В силу названных фактов довольно сомнительно толковать погребе­ния, где наличествуют железные гривны с молоточками Тора, исключи­тельно как только скандинавские204. Правоту этих слов подтверждает С.И.Кочкуркина, констатировавшая в 1970 г., что такие ритуальные ве­щи как железные гривны с молоточками Тора «должны сопровождать скандинавские погребения, но железные гривны в приладожских курга­нах за исключением двух экземпляров, найденных в мужских захороне­ниях, принадлежали местному населению»205. К тому же, указывается в литературе, эти гривны встречаются «не на всей территории Скандина­вии»206. Также весьма сомнительно однозначно выдавать погребения староладожского Плакуна за скандинавские (большинство которых ар-хеологи-норманисты связывают со шведами, якобы появившимися в Ладоге около 860 г.207, т. е. старательно пытаются наполнить соответст­вующим содержанием известия ПВЛ под 859 и 862 гг.). Во-первых, констатирует А.Стальсберг, ладейные заклепки из Плакуна «ближе к бал­тийской и славянской, нежели скандинавской традиции»208, хотя, конеч­но, уж в Ладогу-то норманны должны были бы прибыть на своих судах. Во-вторых, в этих захоронениях представлены сосуды южнобалтийского типа209, а в одном из них обнаружены обломки двух фризских кувши­нов210. В-третьих, на их связь с Южной Балтикой указывает и погребение в камере с гробовищем, имеющем, подчеркивает К.А.Михайлов, «пря­мые и многочисленные» аналогии в памятниках Дании и Шлезвиг-Гол-штейн (конец IX -конец X в.), которые, в свою очередь, близки по сбоей конструкции к захоронениям германцев І-ІІІ веков. Вполне естестве­нен и вывод ученого, что погребенный прибыл из Южной Ютландии211. Впрочем, как и те, следует добавить, кто провожал его в последний путь (О.И. Давидан, основываясь на находках в ранних слоях Ладоги фризских •ребенок или, как она их еще квалифицирует, западнославянских, го­ворит о присутствии среди ее жителей фризских купцов и ремесленни­ков212). Само возникновение могильника Михайлов отнес, в отличие от своих коллег, к более позднему времени: началу X в., также указав на тот факт, что в нем, при наличии женских погребений, практически отсут­ствуют скандинавские украшения213.
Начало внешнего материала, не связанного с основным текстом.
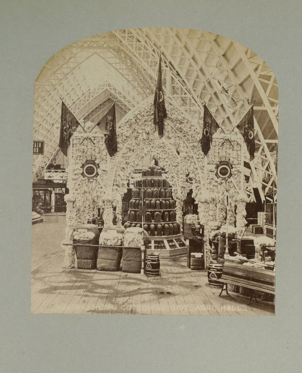 Interior view of the Agricultural Building. Depicts the Brazilian Cotton Exhibit. The cotton is displayed attached to a temporary decorative wall, with flags extending at the top. At the base of the wall are bags of cotton.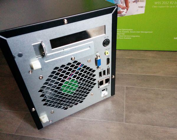 Le système d'exploitation installé est une version Essentials, en quelque sorte "étendue" puisqu'elle comprend le "Windows Server Essentials Media Pack". Ceci permet de faciliter la création de partages pour mettre à disposition du contenu multimédia sur le réseau, et le rendre accessible au sein de différents lecteurs, comme le lecteur Windows Media Player. Le protocole DLNA est notamment implémenté pour permettre la diffusion du contenu sur le réseau.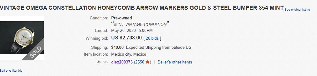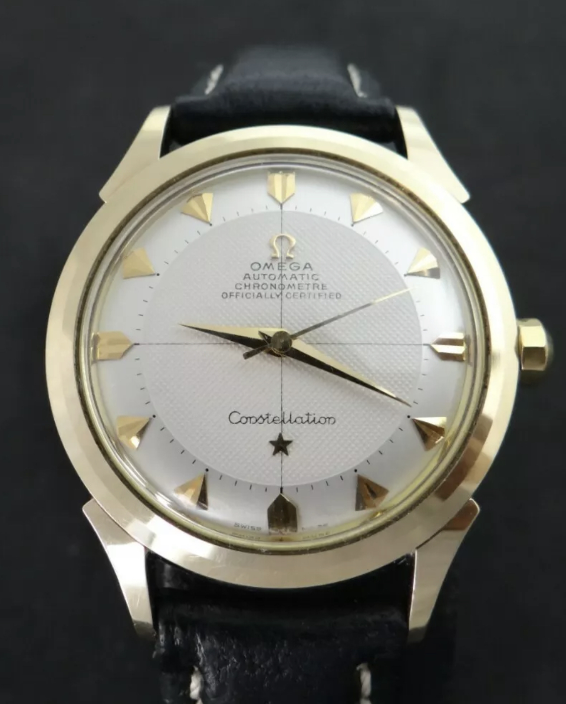 VINTAGE OMEGA CONSTELLATION HONEYCOMB ARROW MARKERS GOLD & STEEL BUMPER 354 MINT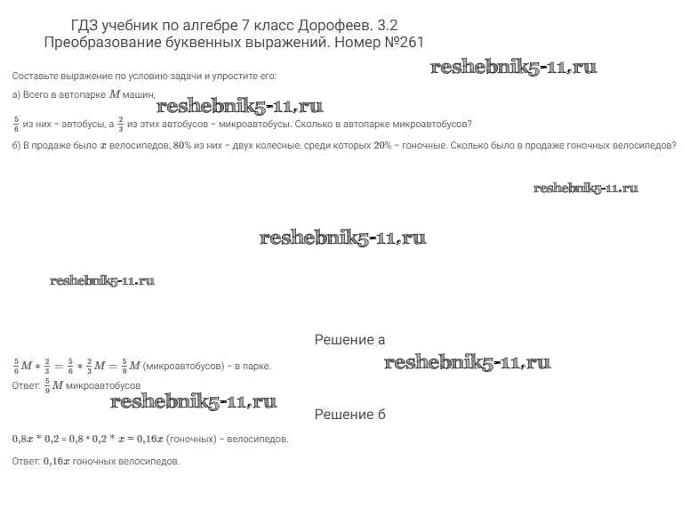 Готовая домашняя работа с ответами по Алгебре за 7 класс Дорофеев, Суворова, Бунимович Учебник Академический школьный учебник Просвещение 2020 ФГОС - Упражнения 261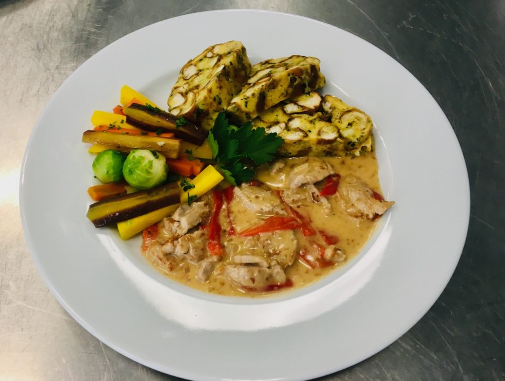 Geschnetzeltes Schweinefilet mit Paprikarahmsauce und Brezenknödel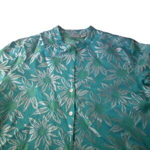 Chicos Mother of the Bride Floral Print Turquoise Silk Blend Jacket Top SZ 3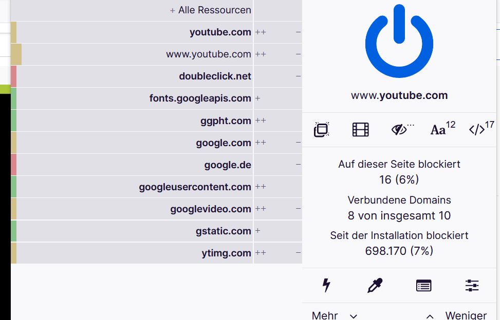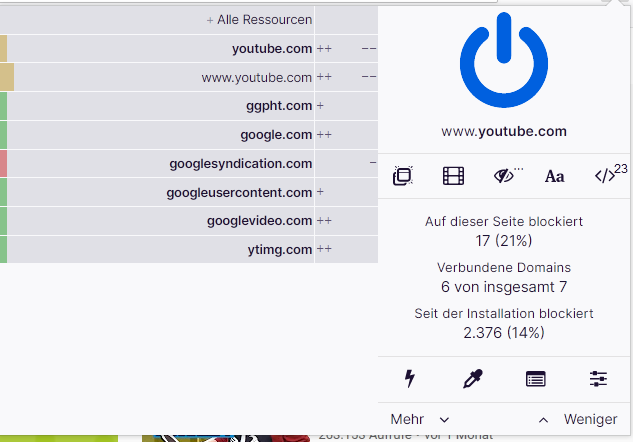 Beim Rosin-Video werden hier 18% blockiert. Was hier noch aktiv ist, ist der Enhancer für Youtube Videos (Erweiterung)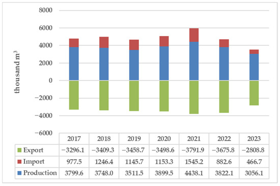 - Statistical Database. Production, Exports and Imports of Wood Products 2017–2023. 2023. Available online: https://stat.gov.lv/en/statistics-themes/business-sectors/forestry/tables/mek010-production-exports-and-imports-wood (accessed on 20 May 2025).

Выходцы какого балтийского района нашли свое последнее приста­нище в Плакуне прямо говорит одна из ранних староладожских «больших построек» (по словам И.В.Дубова, «уникальная находка»), которую уче­ные сближают со святилищами южнобалтийских славян в Гросс-Радене (под Шверином, VII-VIII вв.) и в Арконе (о. Рюген)214. Сразу же стано­вится ясно, почему в русском язычестве отсутствуют скандинавские бо­жества, но присутствует Перун, бог варяго-русской дружины и чей культ был широко распространен именно среди южнобалтийских славян. И если ни в славянском, ни в русском язычестве нет скандинавских черт, то из этого следует лишь одно: варяги не были скандинавами. Нет скан­динавских божеств, как известно, и в языческом пантеоне, созданном Владимиром тогда, когда, по мнению норманистов, скандинавы «в со­циальных верхах числено преобладали», и тогда, когда в нем присутст­вуют неславянские боги (Хоре, Даждьбог, Стрибог, Симаргл, Мокошь). Хотя, как отмечает ряд исследователей, «языческий пантеон, созданный Владимиром, указывает и на широкий допуск: каждая этническая группа может молиться своим богам», но при этом, констатирует А.Г.Кузьмин, ни одному германскому или скандинавскому богу в нем «места не на­шлось»215. Утверждение же Д.А.Мачинского, что в начале X в. религия Перуна-Велеса была усвоена «скандинавами поколения Рюрика-Оле­га...», не согласовывается ни с историческими реалиями того времени, ни со спецификой языческого мировоззрения скандинавов: норманские конунги, становясь поклонниками Перуна и Велеса, справедливо говорил С.А.Гедеонов, «тем самым отрекались от своих родословных», которые они вели от языческих богов. И при этом особо подчеркнув, что «проме­на одного язычества на другое не знает никакая история»216. То, что Олег с дружиной клялся Перуном и Велесом, для Е.В.Пчелова является «ус­ловным приемом» летописца, доказывающим лишь то, что «они были язычниками, а какими - славянскими или скандинавскими - для автора ПВЛ принципиального значения не имело», также говорит о неисчер­паемой доказательной базе норманистов. По сути же, Мачинский и Пче­лов повторяют мысль «ультранорманиста» Н.А.Полевого, отсутствие в русской истории следов религии скандинавов объяснявшего тем. что они «приняли религию покоренных ими славян, не находя в ней большого различия...»217.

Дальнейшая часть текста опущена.